I recently found some sales training advice from a “world class sales trainer.” Honestly, I don’t even know where to start other than to say, please in the name of all that is holy, never teach these things during your sales training.
Only Focus On The GREAT Prospects
According to this sales trainer, “The best salespeople know that sales is a numbers game and a time game. The goal is to sort through prospects as quickly as possible to find a few great prospects. Instead of trying to persuade every prospect to do business with them, top salespeople get weak prospects to weed themselves out quickly, so they can spend the time on the best prospects.”
This is so short sighted. Yes, you do need to filter your sales prospects to understand which are truly potential sales and which may never do business with you.
BUT – don’t forget the concept of Social Agents — those folks that may never do business with you but might just end up becoming your most valuable “customer.”
Ignore The Social Media Effect
Our sales champion doubles down on the bad advice when he notes, “Understand that you don’t have to make everyone happy. The best salespeople know the 80/20 rule, where 80 percent of their commission comes from 20 percent of their clients. So they pay a lot of attention to their best clients. Smaller clients are transferred to someone else, or aren’t served as well. The small guy may be unhappy, but that’s how the best salespeople roll.”
I think that I threw up a little in my mouth as I read that… no on second thought, it’s definite. I definitely threw up in my mouth.
Let’s forget that this is advice is just plain bad manners and so self-centered and selfish, that it actually sickened me. Set that aside and just look at the three most obvious reasons to behave in today’s modern digital centric world: Facebook, Twitter and LinkedIn.
It’s just too easy for that “unhappy smaller client” to voice that unhappiness across the entire globe in less time than it takes our “world’s best salesman” to make his next cold call.
Not to mention, between Google Search and social media platforms, the old six degrees of separation has dwindled to like two degrees and that’s if you’re a pretty light social media user.
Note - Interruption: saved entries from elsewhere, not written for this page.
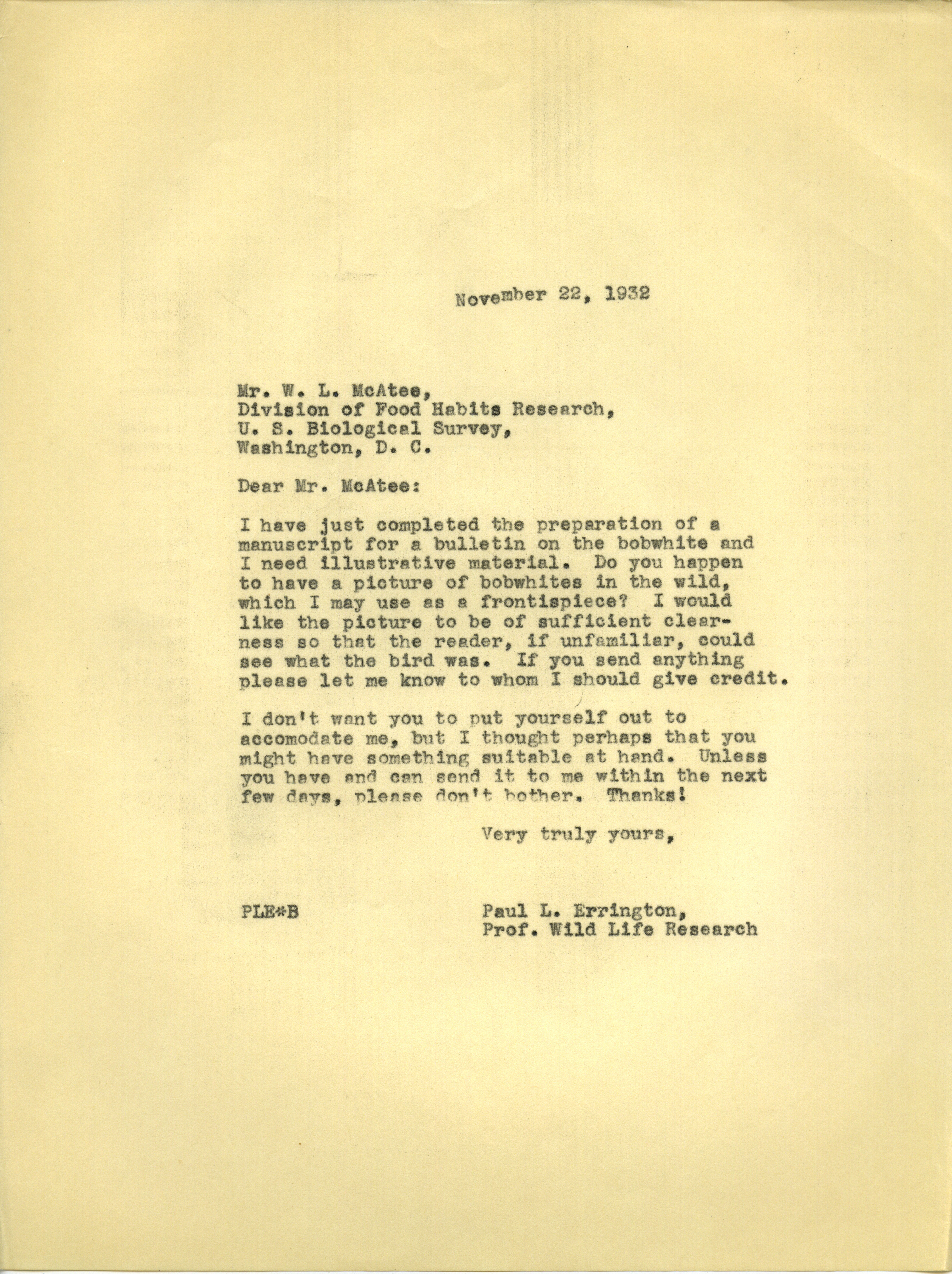 - "Paul L. Errington letter, November 22, 1932", Paul L. Errington Collection, Iowa State University Library Digital Collections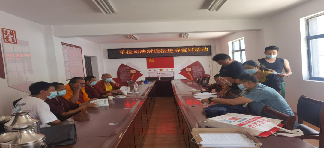 为深入开展普法工作,加强宗教活动场所法治宣传教育,有效普及国家有关宗教事务法律法规,在宗教场所营造尊法、学法、守法、用法的良好氛围,提高僧侣的法律意识和法治素养,加强寺庙社会化管理工作,引导寺庙积极发挥维护社会和谐稳定的作用,9月5日,羊拉司法所开展了“送法进寺”法治宣讲活动。
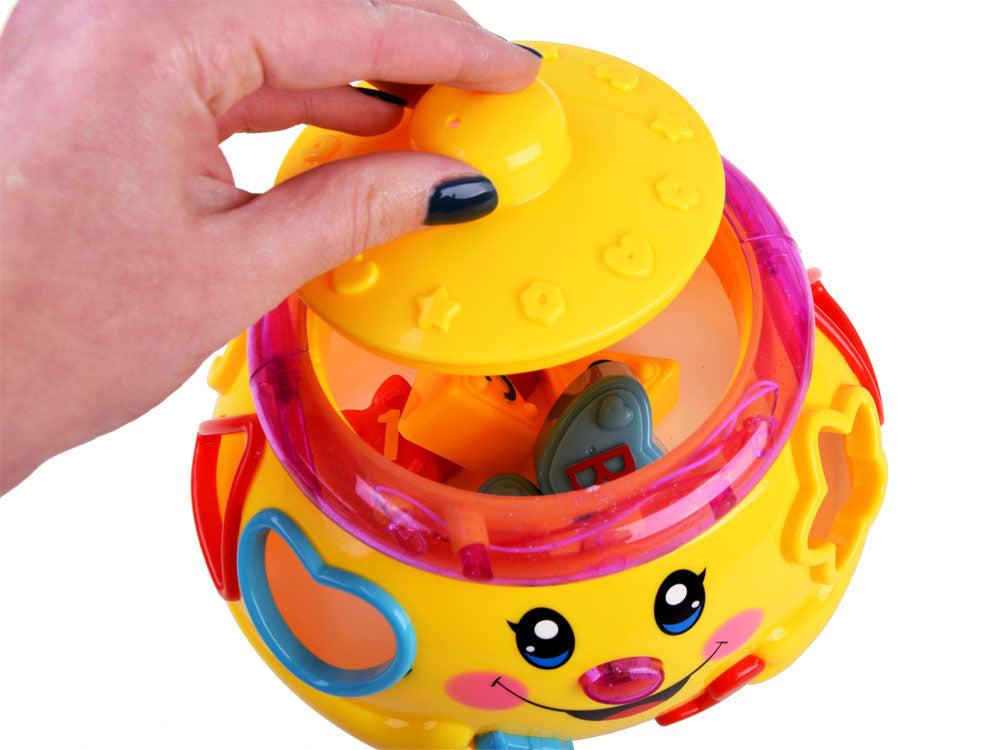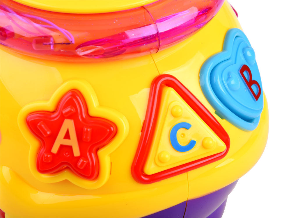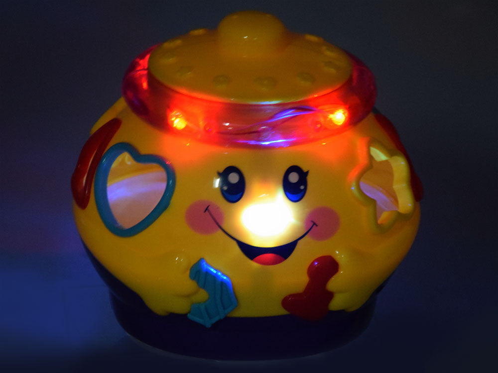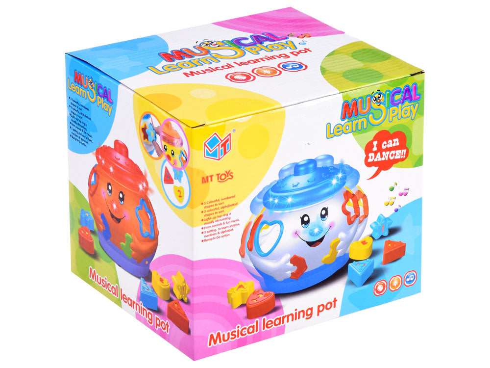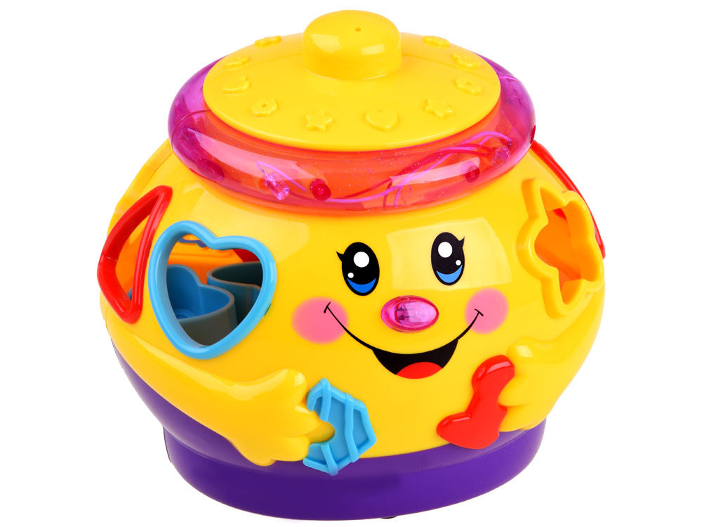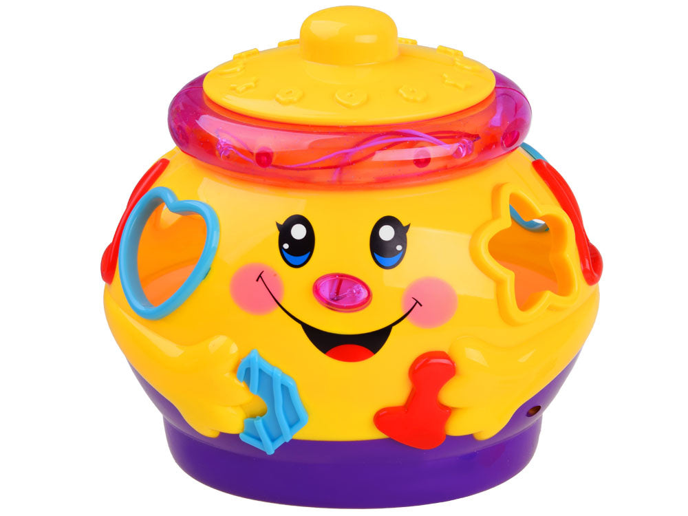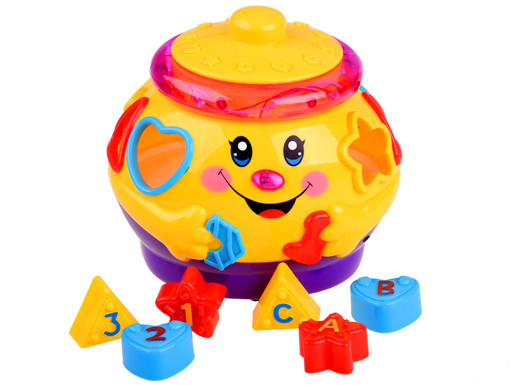 Žaislas savo sudėtyje turi 6 spalvingus kaladėles, kurias reikia įstatyti į jiems skirtas skylutes. Kiekvienas blokas yra skirtingos formos ir pažymėtas skaičiais arba raidėmis. Žaisdamas vaikas mokosi atskirti formas ir spalvas. Spalvingas linksmas puodas įjungtas groja linksmą muziką, važiuoja ant ratų ir linksmai linkčioja, apvadas šviečia, mirksi spalvingomis lemputėmis.
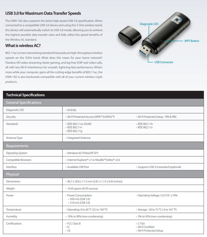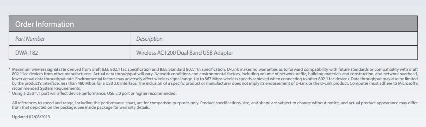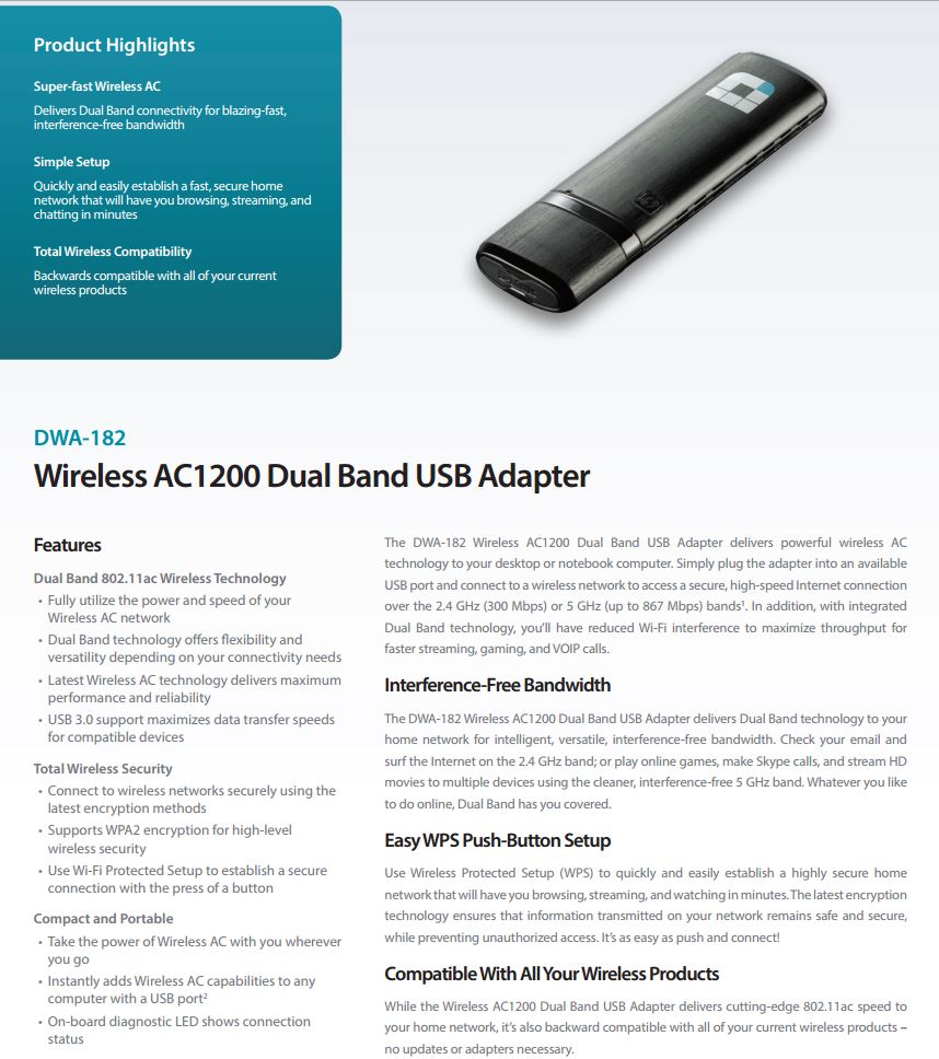 Product Name | D-Link DWA-182 Wireless AC1200 Dual Band USB Adapter |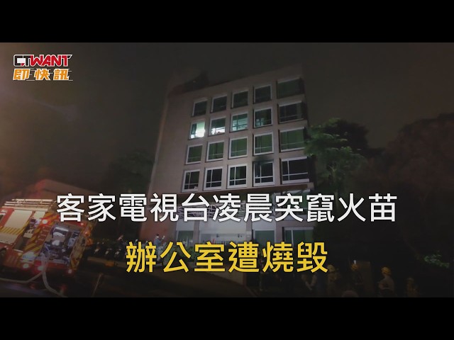 [周刊王CTWANT] 客家電視台驚傳起火!警消3日凌晨2時許獲報,康寧路三段上的客家電視台無故起火,該棟為地上7層樓地下3層樓建築物,於3樓起火,辦公室及攝影棚用途,警消也出動指揮車3輛、消防車12輛、救護車1輛、人員38人前往灌救,所幸火勢於凌晨3時38分許撲滅,並未釀成人員傷亡,燒損辦公桌及電腦,燃燒面積約10平方公尺,至於詳細起火原因仍有待進一步調查釐清。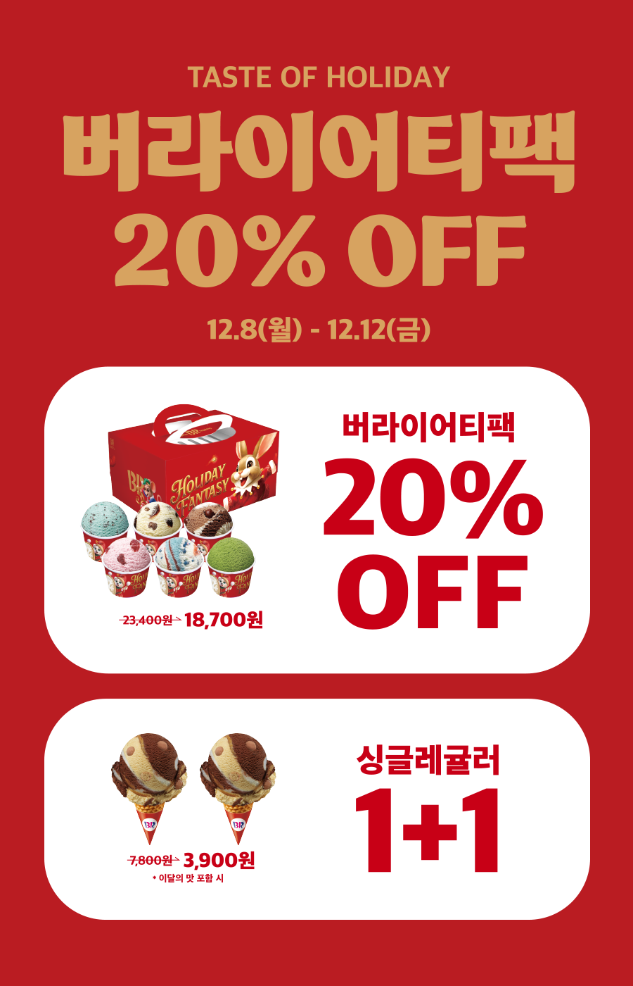 - [싱글레귤러 1+1] 12월 이달의 맛 '초콜릿 쿠키 스모어' 포함 싱글레귤러 구매 시 1+1 적용 가능

So your next sales prospect, big or small, can easily find that unhappy smaller client you sent packing and you’ll have instantly lost all trust and credibility with this potential new client.
Adjust Your Seat Height
Seriously — that was one of the tips from world class salespeople. And honestly, I’m just including it here because I thought you could use a good laugh.
Our salesperson extraordinare had this support for why you adjust your seat height. “The world’s best salespeople take charge of sales meetings by adjusting their chair’s seat height. They begin meetings with their chair adjusted slightly below their customer’s, which subliminally signals that the customer is in a dominant position. As the meeting goes on, the salesperson will slowly elevate his or her chair in order to sit slightly higher than the prospect—putting them in a dominant position. The slow transition subliminally stages the prospect to be more receptive to suggestions from the salesperson. And if they can’t adjust the chair, they simply change their posture to achieve the same effect.”
OMG — I’m still trying to understand how someone could write that, publish that, and believe that, with a straight face. But damn, it was funny.
Three Outstanding Sales Prospecting Tips
Now, I am a guy that gives credit where credit is due. Within all of this ridiculousness were also a couple of sales prospecting advice gems that you definitely SHOULD follow religiously.
So here they are along with my own two cents added.
Always stay one step ahead of your client.
The best salespeople understand their best clients inside and out. They do their research, and dig down deep, on the client and the industry. Their goal is to find problems and opportunities for their clients before the client is even aware of it.
I couldn’t agree more with this advice. Your clients are like you — too busy, doing too much with too little — and they need every little bit of help you can provide them.
To paraphrase John Kennedy — think not what your client can do for you, but what you can do for your client.
Under promise and over deliver.
They know that if they set customer expectations low, when the product or service is delivered, the customer will be blown away with the experience. And that’s exactly how you want to be positioned for the next call with that client.
This was actually similar, but not nearly as impactful as the mantra at my first job as an Assistant Account Executive at Temerlin McClain. Liener Temerlin used to drill it into every account service person on staff and it was probably one of the wisest pieces of advice I’ve had over 25 years in the business world.
Promise a lot and deliver more.
You see the difference there? In the first case, you’re kind of tricking the sales prospect. But under Liener’s mantra, you’re just giving them more than they expect. It’s more honest. More authentic and in my less than humble opinion, more likely to result in your client becoming a social agent for you and your company/brand.
Let the customers sell themselves.
Pushy salespeople try to convince the customer to buy, buy, buy. But the best salespeople know that the most persuasive person is the customer herself. Their job is to ask the right questions and lead the customers to convince themselves they want the product.
Yep. Help the self-educating buyer complete their education. Engage them in a conversation… a conversation that you can turn into a customer.